Обман зрения

Герда Грау
      Они говорят, что я тут один. Чтобы я не выдумывал. Я хотел бы поверить, но мое зрение, мое обоняние, моя интуиция говорят мне, что это ложь. Вам знакомо такое чувство, когда вы открываете глаза в темной комнате и понимаете, что кроме вас в ней еще кто-то есть? Или только что был, потому что движение воздуха еще не застыло, запах, едва уловимый, присутствует, даже вмятина на стуле осталась, круглая, совпадающая по форме с конечностью тела. И ты боишься вздохнуть, чтобы не ничего не порушить из этих замков фата-морганы, втягиваешь воздух и короткими выдохами выбрасываешь его из себя через нос, тогда на носовой мембране оседает почти телесное ощущение чужой кожи, чужих волос — ты знаешь, как они пахнут, знаешь, какие они на вкус. Почему никто не хочет сказать тебе правду?

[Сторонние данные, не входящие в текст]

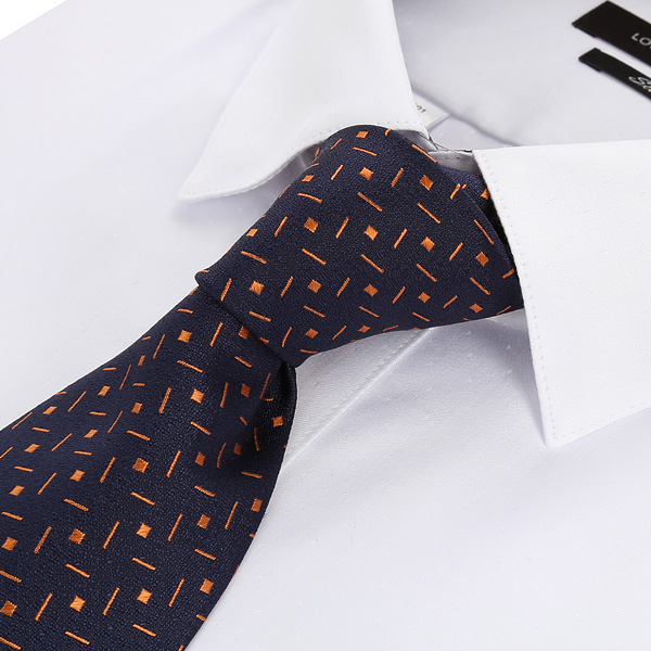 네이비바탕에 오렌지색 기하학적무늬가? 포인트되는 기본넥타이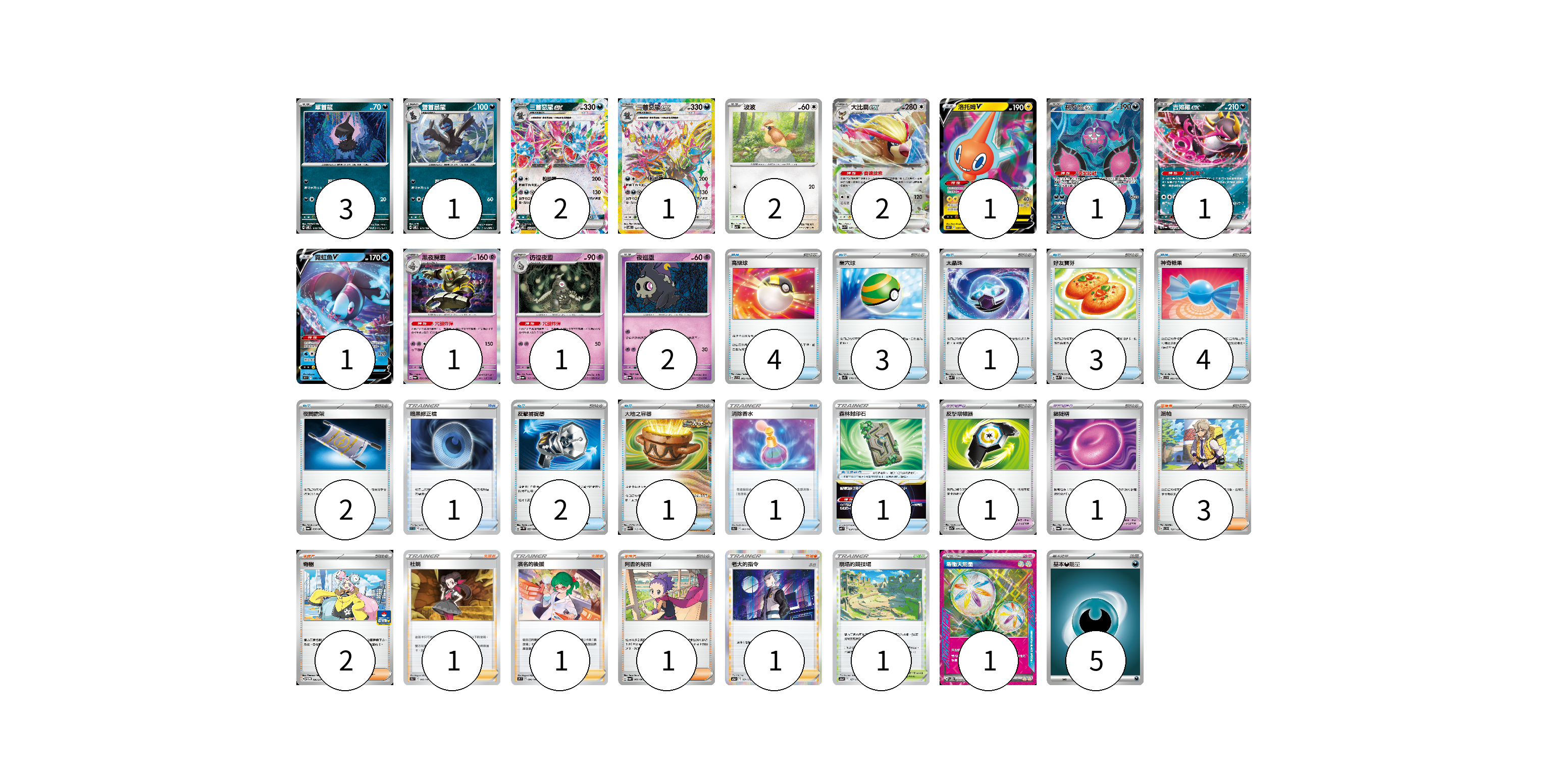 牌組構築方案 以此牌組為基礎新構築牌組 顯示卡面 顯示列表 寶可夢卡(19) 3 1 2 1 2 2 1 1 1 1 1 1 2 寶可夢道具(2) 1 1 物品卡(23) 4 3 1 3 4 2 1 2 1 1 1 支援者卡(9) 3 2 1 1 1 1 競技場卡(1) 1 能量卡(6) 1 5 寶可夢卡(19) 卡牌名稱 張數 卡牌名稱 張數 單首龍 SV8 070/106 03 雙首暴龍 SV8 071/106 01 三首惡龍ex SV8 072/106 02 三首惡龍ex SV8 124/106 01 波波 SV3 087/108 02 大比鳥ex SV3 089/108 02 洛托姆V S11 037/100 01 桃歹郎ex SV6a 082/064 01 吉雉雞ex SV6a 038/064 01 霓虹魚V S9 030/100 01 黑夜魔靈 SV6a 020/064 01 彷徨夜靈 SV6a 019/064 01 夜巡靈 SV6a 018/064 02 寶可夢道具(2) 卡牌名稱 張數 卡牌名稱 張數 反擊增幅器 SV7a 059/064 01 鎖鏈糬 SV6a 057/064 01 物品卡(23) 卡牌名稱 張數 卡牌名稱 張數 高級球 SVB 002/028 04 巢穴球 SV1S 070/078 03 太晶珠 SVK 013/042 01 好友寶芬 SVK 015/042 03 神奇糖果 SVB 003/028 04 夜間擔架 SV6a 056/064 02 暗黑修正檔 SLD 012/020 01 反擊捕捉器 SV4M 059/066 02 大地之容器 SVK 012/042 01 消除香水 S9a 063/067 01 森林封印石 SVF 024/038 01 支援者卡(9) 卡牌名稱 張數 卡牌名稱 張數 派帕 SVD 137/139 03 奇樹 SV-P 106/SV-P 02 杜娟 S9a 065/067 01 濱名的後援 S9 096/100 01 阿杏的秘招 SV6a 060/064 01 老大的指令(赤日) S12a 161/172 01 競技場卡(1) 卡牌名稱 張數 卡牌名稱 張數 崩塌的競技場 S12a 167/172 01 能量卡(6) 卡牌名稱 張數 卡牌名稱 張數 新衝天能量 SV5K 071/071 01 基本惡能量 sv-p DAR 05 以此牌組為基礎新構築牌組 牌組編碼 fjwSAj-QEBCNB-FlbgxC copy 列印牌組單 牌組編碼已複製 分享至SNS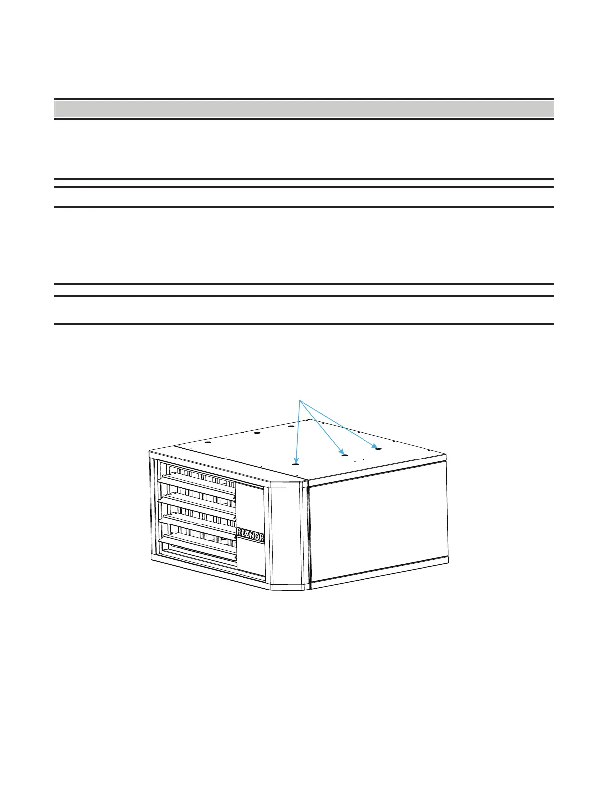 • Using capscrews and washers, seal any unused holes in the top of the heater after installing the hanging hardware
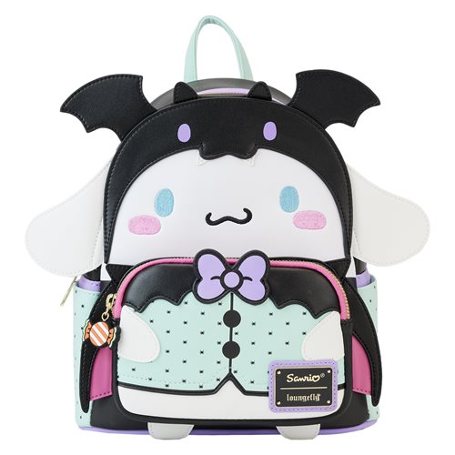 Get ready for the spooky season with this adorable Sanrio Halloween Cinamoroll Vampire Bat Cosplay Mini-Backpack! It is made of faux leather and features top zipper closure and front zippered pocket, adjustable straps, matching themed lining, applique, silicone zipper charm, embroidered, and printed details. This mini-backpack approximately measures 10 1/2-inches tall x 9-inches wide x 4 1/2-inches long. Ages 15 and up.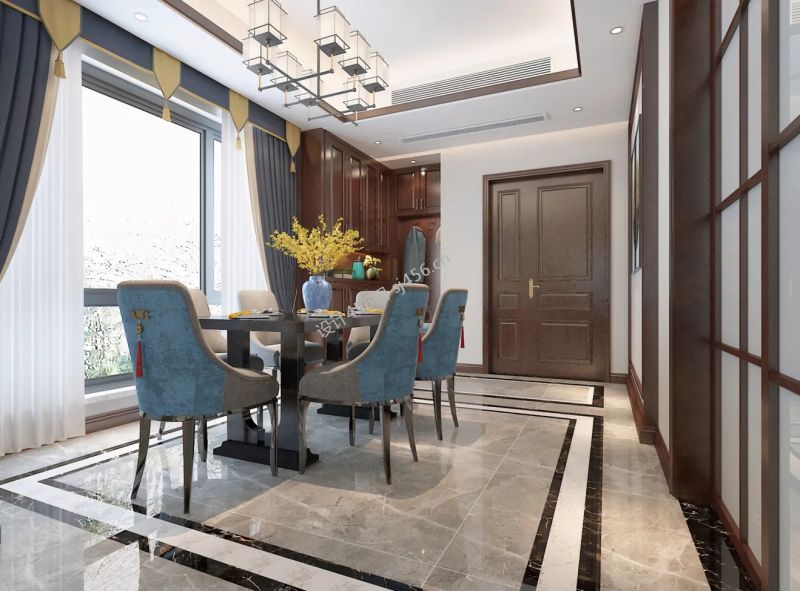 旭日海湾新中式风格138平米三居室装修案例风效果图
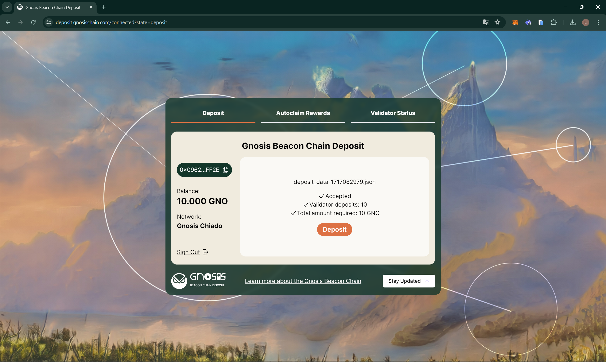 - Ensure that you have an adequate amount of GNO in your wallet to deposit to all pending validators listed in your
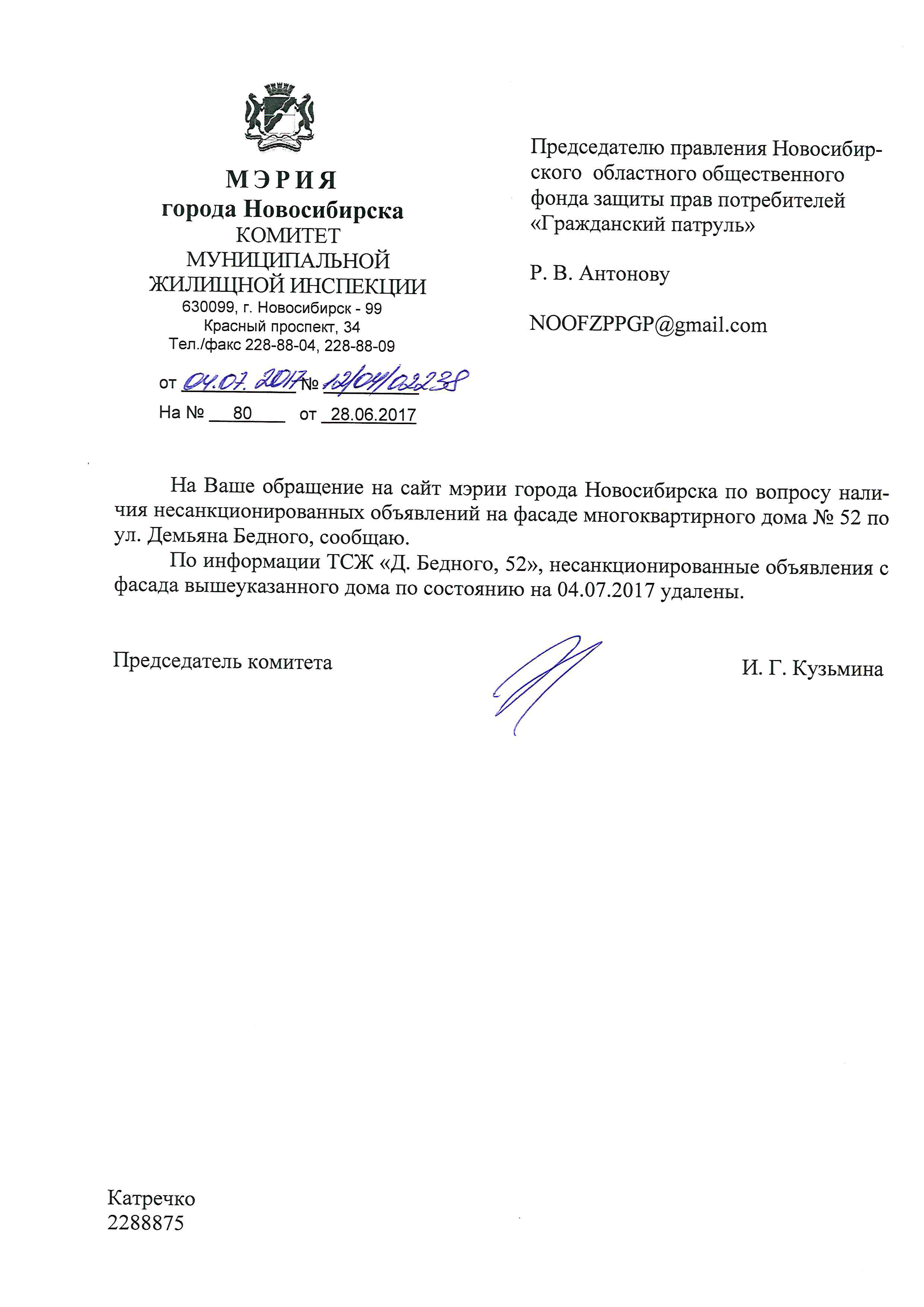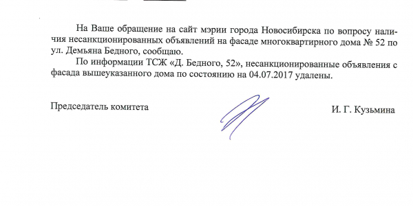 Номер жалобы:19839 Тип жалобы:Иные проблемы ЖКХ Название объекта:Управляющая Компания Регион:Новосибирская область Город:Новосибирск Адрес:ул. Демьяна Бедного, 52 Описание жалобы:Объявления на фасаде дома Статус: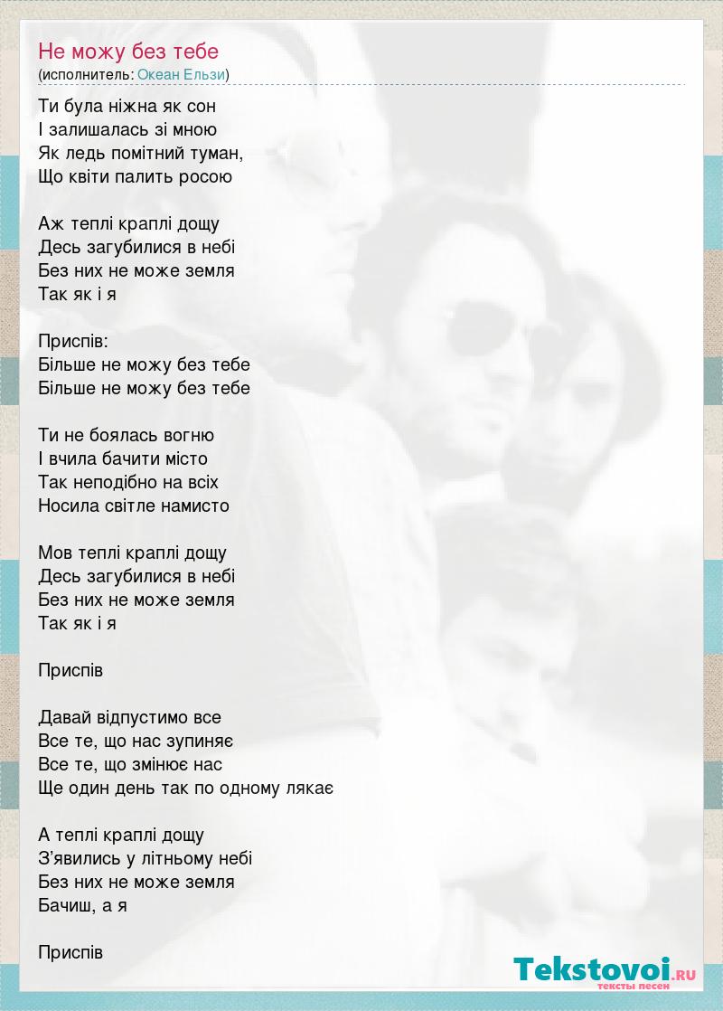 Ти була ніжна як сон І залишалась зі мною Як ледь помітний туман, Що квіти палить росою Аж теплі краплі дощу Десь загубилися в небі Без них не може земля Так як і я Приспів: Більше не можу без тебе Більше не можу без тебе Ти не боялась вогню І вчила бачити місто Так неподібно на всіх Носила світле намисто Мов теплі краплі дощу Десь загубилися в небі Без них не може земля Так як і я Приспів Давай відпустимо все Все те, що нас зупиняє Все те, що змінює нас Ще один день так по одному лякає А теплі краплі дощу З’явились у літньому небі Без них не може земля Бачиш, а я Приспів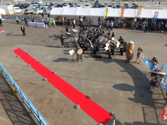 岸壁にはレッドカーペットが敷かれ、歓迎ムードいっぱいの中、接岸です。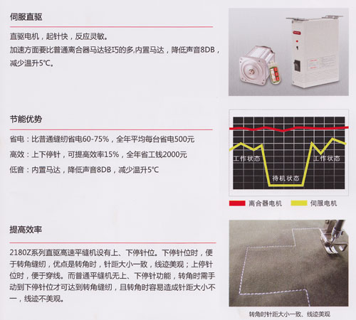 在外觀設(shè)計(jì)上,2180Z系列直驅(qū)高速平縫機(jī)擁有與三自動(dòng)電腦車(chē)完全相同的精美外觀。加入直驅(qū)馬達(dá)后,具有 省電、高效、低噪音等優(yōu)點(diǎn),減少二氧化碳排放,為服裝企業(yè)環(huán)保節(jié)能的首選產(chǎn)品。
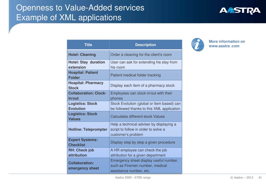 XML & phones • XML (eXtensible Markup) is a language similar to HTML • XML was created to display information and focuses on data description • XML allows to dissociate content from presentation • This allows, for example, display the same document on different devices or applications without the need to create as many versions of the document that we need to represent The entire 6700i range natively supports XML to provide value-added applications Aastra 5000 - 6700i range

      — Глупости, — она обнимает тебя, прижимается губами к шее, глядя в темноту сухими глазами. — Никого тут нет, спи.
      И ты хочешь, отчаянно хочешь поверить в это, потому что кому же еще верить? Но факты, факты вещь упрямая. Тот, другой, существует, это же его любимый плед, его кресло, даже ее кожа местами несет на себе отдушку чужого запаха, например, в подмышечной впадине. Может быть, он приходит, когда все спят, и тогда она говорит ему то же, что и тебе — ты у меня один? И каждый из нас считает, что владеет этой женщиной единолично, закрывая глаза на пахучий след чужого присутствия? Она мнет в руках смешную игрушку, бросает ее в ящик стола раньше, чем ты успеваешь рассмотреть ее. Подарок? Кому? Ей или ему?
      — Поешь, пожалуйста, — тихо говорит она. — Ты не ешь ничего, так нельзя.
      Как объяснить, что есть из тарелки призрака противопоказано для пищевода, еда колом встает в горле, биссектрисой рассекая все возможные звуки на старте.
      — Прошу тебя, — она поднимает тарелку в руке и словно взвешивает ее, видит твой взгляд и вдруг бросает тарелку в корзину для мусора, тарелка разбивается о стену, ссыпается осколками в ведро с синим пакетом на завязках, и тогда ты понимаешь, что тот, кто ел из нее до тебя, больше не придет.
      И все-таки не сумасшедший.
      — Не плачь, — говорит она себе больше, чем мне. — Мы нужны друг другу. Ты хороший. Мы обязательно будем счастливы, правда?
      Я не знаю, что ей сказать.
      Я кот, которого взяли на место умершего.
      И я не умею говорить.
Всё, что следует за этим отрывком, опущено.